### What to work on:
Apart from the pictures, reproduce the data below exactly as it stands.

### Source data:
_ _ _ _ _
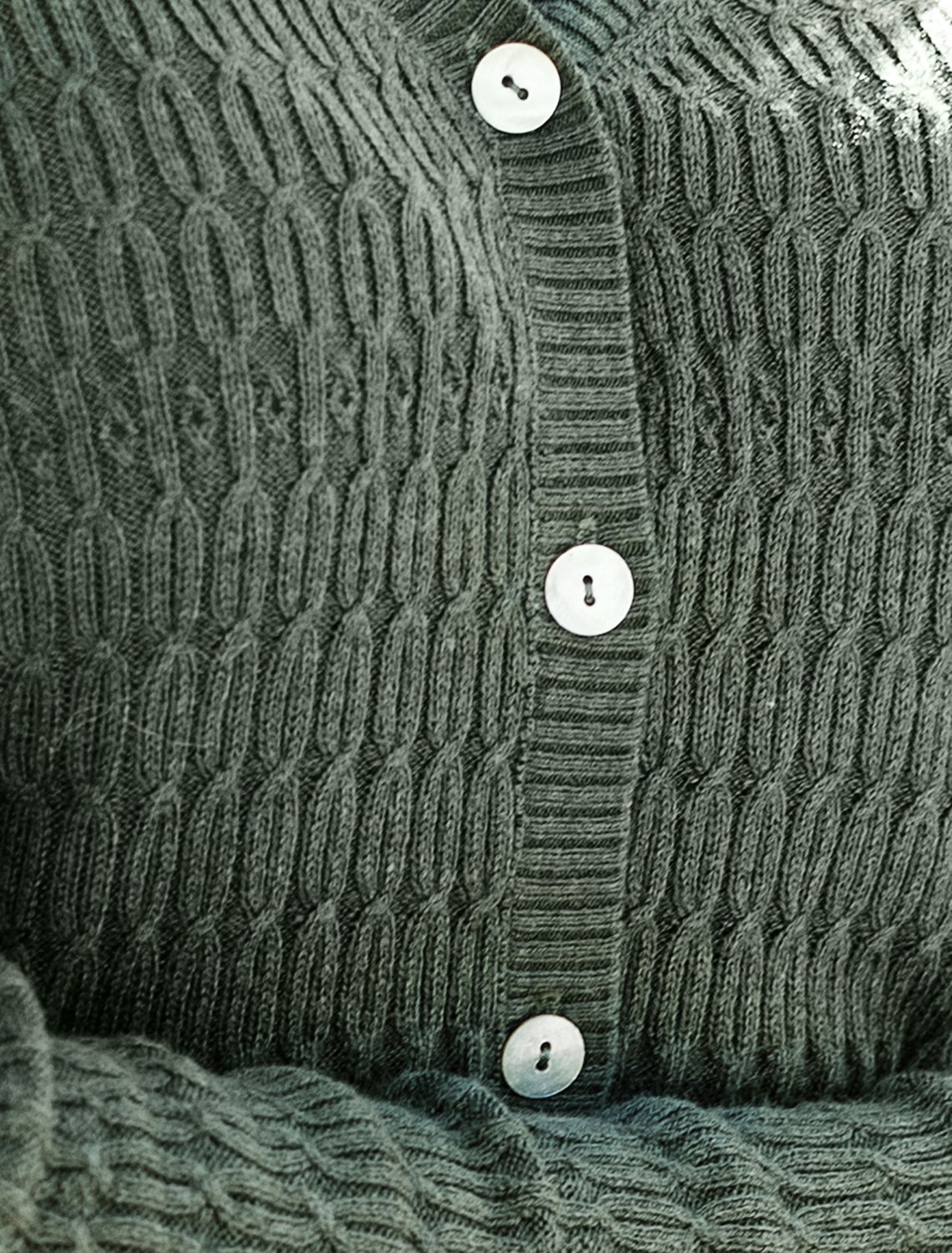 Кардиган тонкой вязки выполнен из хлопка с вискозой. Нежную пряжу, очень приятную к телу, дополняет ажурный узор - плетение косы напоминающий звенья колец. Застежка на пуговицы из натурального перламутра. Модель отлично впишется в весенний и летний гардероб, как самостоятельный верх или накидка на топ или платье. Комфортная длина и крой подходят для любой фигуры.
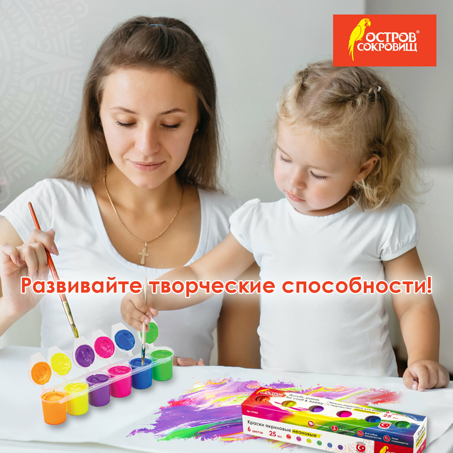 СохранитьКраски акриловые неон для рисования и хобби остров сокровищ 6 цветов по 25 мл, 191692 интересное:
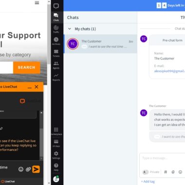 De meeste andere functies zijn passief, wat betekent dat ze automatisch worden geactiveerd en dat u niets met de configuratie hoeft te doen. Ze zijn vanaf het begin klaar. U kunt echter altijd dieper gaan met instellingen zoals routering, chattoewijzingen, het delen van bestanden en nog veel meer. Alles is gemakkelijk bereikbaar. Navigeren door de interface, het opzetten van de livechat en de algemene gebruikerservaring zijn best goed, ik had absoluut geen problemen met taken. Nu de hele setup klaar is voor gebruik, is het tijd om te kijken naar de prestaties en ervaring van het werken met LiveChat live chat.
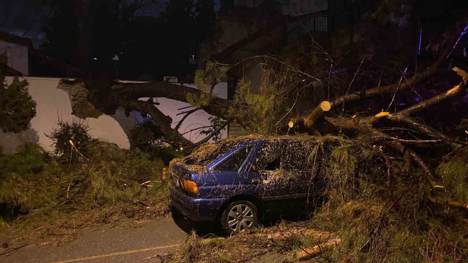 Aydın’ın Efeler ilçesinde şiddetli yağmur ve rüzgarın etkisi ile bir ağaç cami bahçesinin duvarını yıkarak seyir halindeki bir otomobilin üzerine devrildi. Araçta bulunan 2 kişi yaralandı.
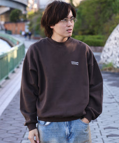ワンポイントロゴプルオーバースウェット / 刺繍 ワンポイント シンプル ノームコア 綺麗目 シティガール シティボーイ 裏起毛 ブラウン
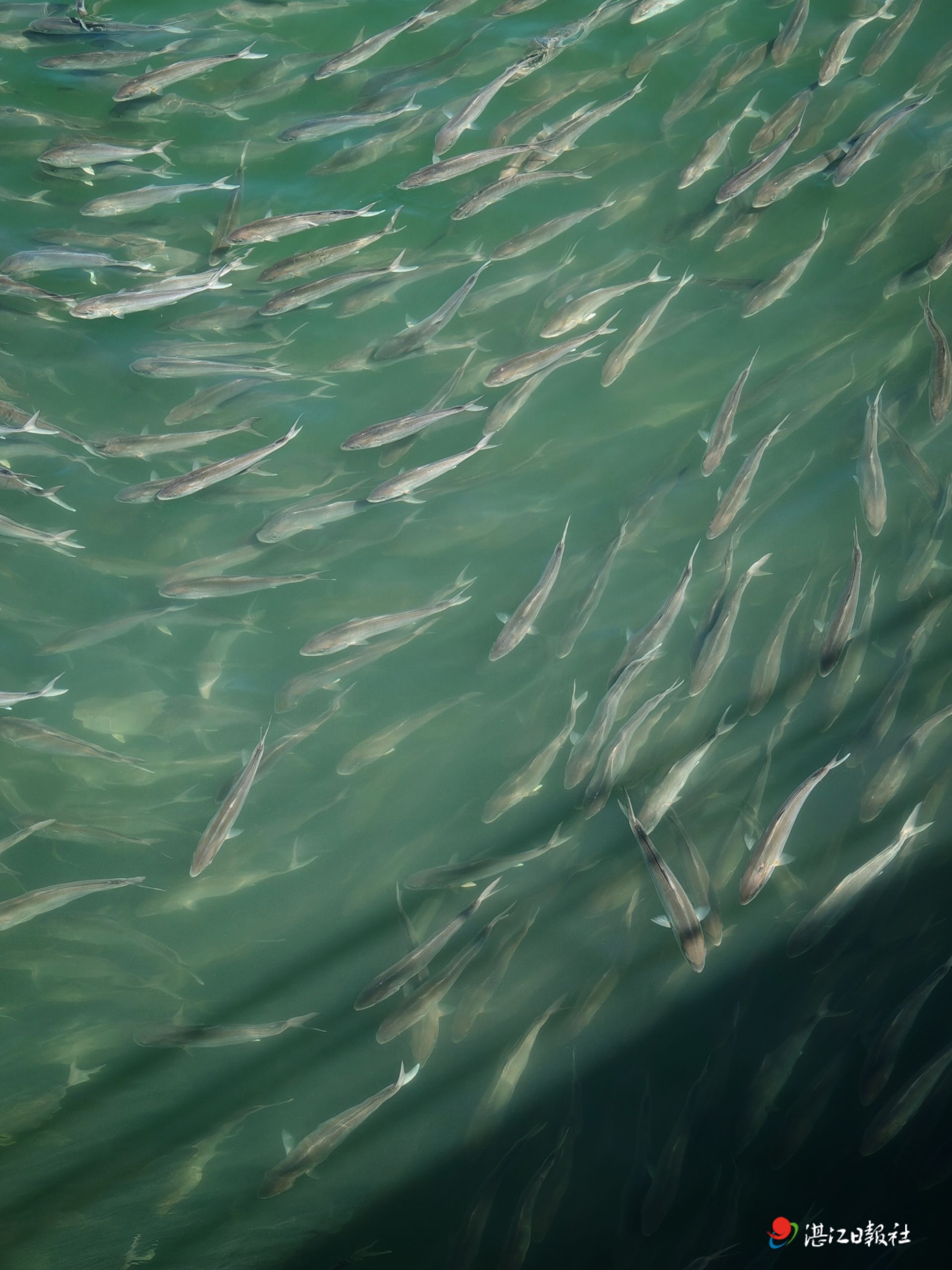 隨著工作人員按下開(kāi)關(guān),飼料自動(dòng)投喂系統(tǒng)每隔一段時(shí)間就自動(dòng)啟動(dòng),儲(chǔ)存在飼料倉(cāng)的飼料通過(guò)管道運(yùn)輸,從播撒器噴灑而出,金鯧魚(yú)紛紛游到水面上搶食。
_ _ _ _ _
### Result of the task:
 Кардиган тонкой вязки выполнен из хлопка с вискозой. Нежную пряжу, очень приятную к телу, дополняет ажурный узор - плетение косы напоминающий звенья колец. Застежка на пуговицы из натурального перламутра. Модель отлично впишется в весенний и летний гардероб, как самостоятельный верх или накидка на топ или платье. Комфортная длина и крой подходят для любой фигуры.
 СохранитьКраски акриловые неон для рисования и хобби остров сокровищ 6 цветов по 25 мл, 191692 интересное:
 De meeste andere functies zijn passief, wat betekent dat ze automatisch worden geactiveerd en dat u niets met de configuratie hoeft te doen. Ze zijn vanaf het begin klaar. U kunt echter altijd dieper gaan met instellingen zoals routering, chattoewijzingen, het delen van bestanden en nog veel meer. Alles is gemakkelijk bereikbaar. Navigeren door de interface, het opzetten van de livechat en de algemene gebruikerservaring zijn best goed, ik had absoluut geen problemen met taken. Nu de hele setup klaar is voor gebruik, is het tijd om te kijken naar de prestaties en ervaring van het werken met LiveChat live chat.
 Aydın’ın Efeler ilçesinde şiddetli yağmur ve rüzgarın etkisi ile bir ağaç cami bahçesinin duvarını yıkarak seyir halindeki bir otomobilin üzerine devrildi. Araçta bulunan 2 kişi yaralandı.
ワンポイントロゴプルオーバースウェット / 刺繍 ワンポイント シンプル ノームコア 綺麗目 シティガール シティボーイ 裏起毛 ブラウン
 隨著工作人員按下開(kāi)關(guān),飼料自動(dòng)投喂系統(tǒng)每隔一段時(shí)間就自動(dòng)啟動(dòng),儲(chǔ)存在飼料倉(cāng)的飼料通過(guò)管道運(yùn)輸,從播撒器噴灑而出,金鯧魚(yú)紛紛游到水面上搶食。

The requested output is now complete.